Output: Found at Index 0
Found at Index 1
Found at Index 4

We strongly recommend that you click here and practice it, before moving on to the solution.

Approach:

The idea is to consider all the substrings of the txt[] with are of lengths equal to the length of pat[] and check whether the sorted version of substring is equal to the sorted version of pat[]. If they are equal then that particular substring is the permutation of the pat[], else not.

Steps-by-step approach:

Consider the Input txt[] = “BACDGABCDA” pat[] = “ABCD”.
Occurrences of the pat[] and its permutations are found at indexes 0,5,6.
The permutations are BACD,ABCD,BCDA.
Let’s sort the pat[] and the permutations of pat[] in txt[].
pat[] after sorting becomes : ABCD
permutations of pat[] in txt[] after sorting becomes : ABCD, ABCD,ABCD.
So we can say that the sorted version of pat[] and sorted version of its permutations yield the same result.

Below is the implementation of the above approach:

C

// C code for the above approach
#include <stdio.h>
#include <string.h>
 
// Function to search for a pattern in a given text
void search(char* pat, char* txt)
{
    // Get the length of the text
    int n = strlen(txt);
    // Get the length of the pattern
    int m = strlen(pat);
 
    // Create a sorted version of the pattern
    char sortedpat[m + 1];
    strcpy(sortedpat, pat);
    for (int i = 0; i < m; i++) {
        for (int j = i + 1; j < m; j++) {
            if (sortedpat[i] > sortedpat[j]) {
                char temp = sortedpat[i];
                sortedpat[i] = sortedpat[j];
                sortedpat[j] = temp;
            }
        }
    }
 
    // Iterate through the text to find matching patterns
    for (int i = 0; i <= n - m; i++) {
        char temp[m + 1];
        strncpy(temp, txt + i, m);
        temp[m] = '\0';
 
        // Create a sorted version of the current substring
        for (int j = 0; j < m; j++) {
            for (int k = j + 1; k < m; k++) {
                if (temp[j] > temp[k]) {
                    char temp_char = temp[j];
                    temp[j] = temp[k];
                    temp[k] = temp_char;
                }
            }
        }
 
        // Compare the sorted pattern with the sorted
        // substring
        if (strcmp(sortedpat, temp) == 0) {
            printf("Found at Index %d\n", i);
        }
    }
}
 
// Driver code
int main()
{
    // The input text
    char txt[] = "BACDGABCDA";
    // The pattern to search for
    char pat[] = "ABCD";
    // Call the search function
    search(pat, txt);
    return 0;
}

Output

Found at Index 0
Found at Index 5
Found at Index 6

Time Complexity : O(m²), where m is the length of pat[]
Auxiliary Space: O(m)

C Program for Anagram Substring Search (Or Search for all permutations) using Rabin Karp Algorithm:

The idea is to modify Rabin Karp Algorithm.

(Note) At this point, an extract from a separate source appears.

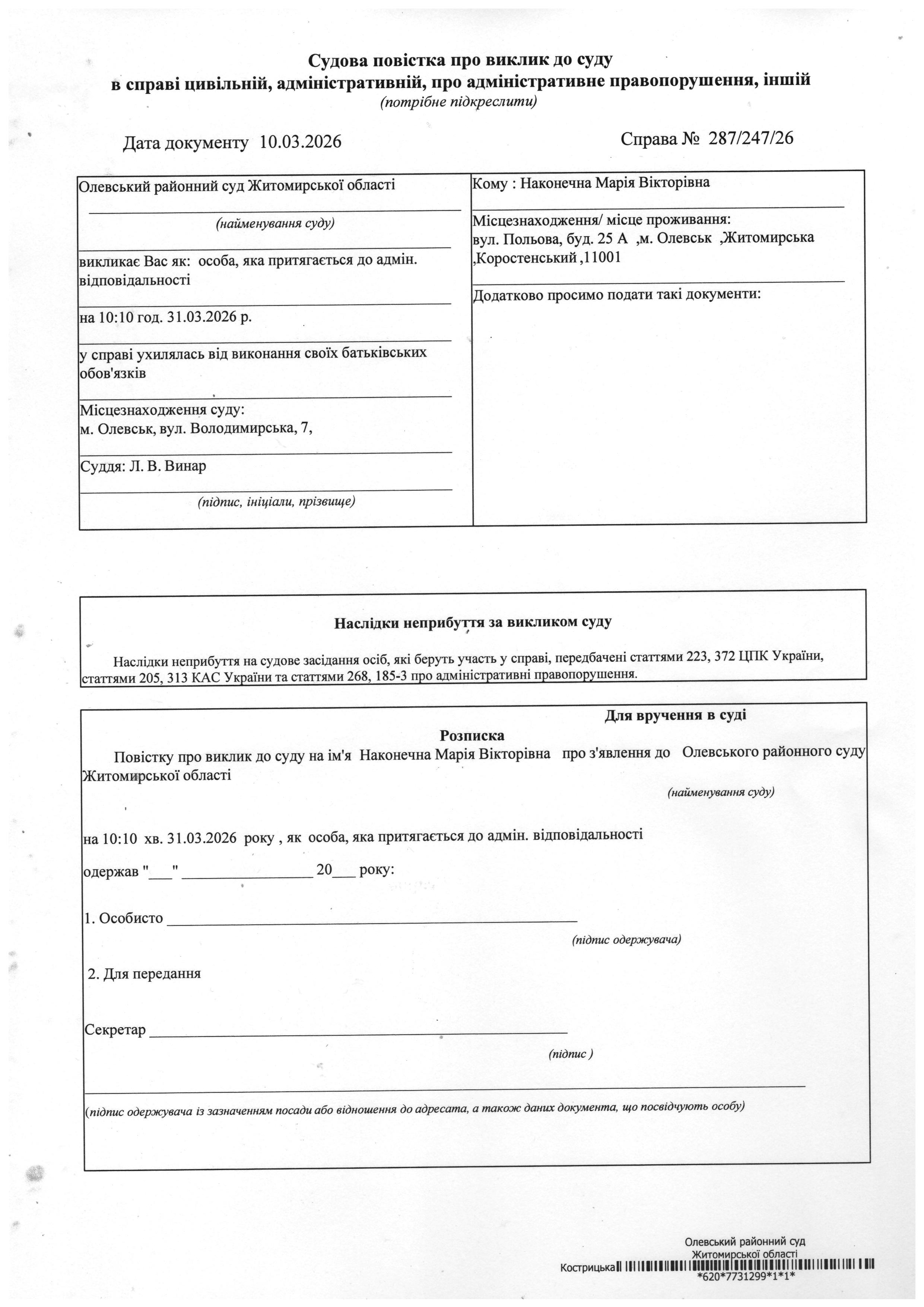 Олевський районний суд Житомирської області викликає Наконечна Марія Вікторівна у справі № 287/247/26
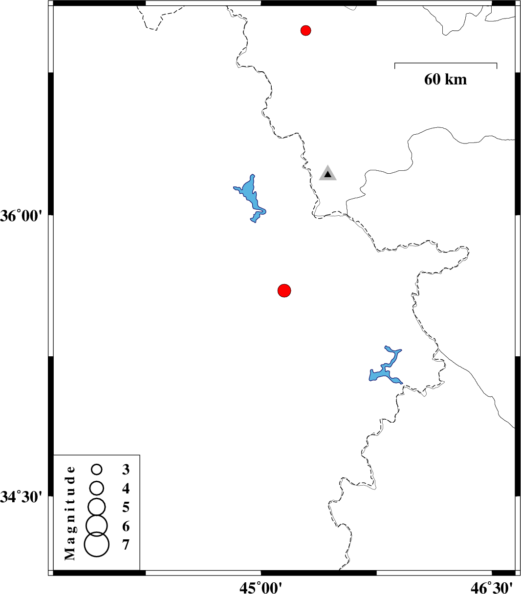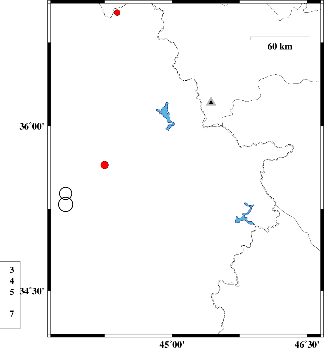 | 2021/01/10 | 23:00:46.9 | 02:30:46.9 | 35.6 | 45.15 | 10 | ML:3.8 | Iraq, 27 km -West of Sulaymaniyah | ||

For example, we can keep the hash value as sum of ASCII values of all characters under modulo of a big prime number. For every character of text, we can add the current character to hash value and subtract the first character of previous window. This solution looks good, but like standard Rabin Karp, the worst case time complexity of this solution is O(mn). The worst case occurs when all hash values match and we one by one match all characters.

We can achieve O(n) time complexity under the assumption that alphabet size is fixed which is typically true as we have maximum 256 possible characters in ASCII. The idea is to use two count arrays:

The first count array store frequencies of characters in pattern.

The second count array stores frequencies of characters in current window of text.

The important thing to note is, time complexity to compare two count arrays is O(1) as the number of elements in them are fixed (independent of pattern and text sizes).

Steps-by-step approach:

Store counts of frequencies of pattern in first count array countP[]. Also store counts of frequencies of characters in first window of text in array countTW[].
Now run a loop from i = M to N-1. Do following in loop.
- If the two count arrays are identical, we found an occurrence.
- Increment count of current character of text in countTW[] .
- Decrement count of first character in previous window in countWT[].
The last window is not checked by above loop, so explicitly check it.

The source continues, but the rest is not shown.